Lesson 55: Contemporary Techniques, Part 1 — Flutter Tonguing and Glissando
- Produce a sustained flutter tongue using a rolled r or, if you cannot roll, a uvular r.
- Slide between two adjacent notes with a controlled glissando by gradually opening or closing a tone hole.
- Lesson 41 — double tonguing (the tongue control needed for flutter).
- Lesson 11 — cross-fingering control for glissando partial-shading.
- Steady sustained tone for at least eight beats.
- Flutter tonguing (alveolar and uvular).
- Glissando via partial hole-shading.
- Extended technique vs conventional tone production.
The recorder of Berio, Hirose, and Linde is the same instrument as the recorder of Telemann — played differently.

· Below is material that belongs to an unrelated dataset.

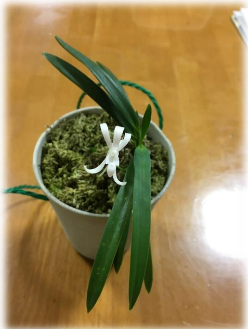
甘い香りの風蘭が今年も届きました♪

The recorder has had an active twentieth- and twenty-first-century life. Composers from the 1960s onward — Berio, Linde, van Hauwe, Ryohei Hirose, Maki Ishii — have written for the instrument as if its standard repertoire of pitches and articulations were a starting point, not the whole catalogue. The next two lessons walk through five of the most-used extended techniques. None of them are difficult in the abstract; what is difficult is integrating them into musical phrases. This lesson covers flutter tonguing and glissando — the two techniques most easily isolated. Lesson 56 handles multiphonics, whisper tones, and harmonics.
Flutter tonguing
Flutter tonguing is sustained articulation. Instead of a single t at the note's start, you produce a continuous trill of the tongue against the alveolar ridge — the sound a singer makes rolling rr in Spanish or Italian. The result on the recorder is a rough, granular texture — the note sounds slightly torn. In notation, flutter tonguing is shown by three short slashes through the note stem.
Two ways to produce it:
- Alveolar (tongue-tip) — rolled r. About two thirds of players can do this naturally; the rest cannot. If you cannot roll an r, do not force it.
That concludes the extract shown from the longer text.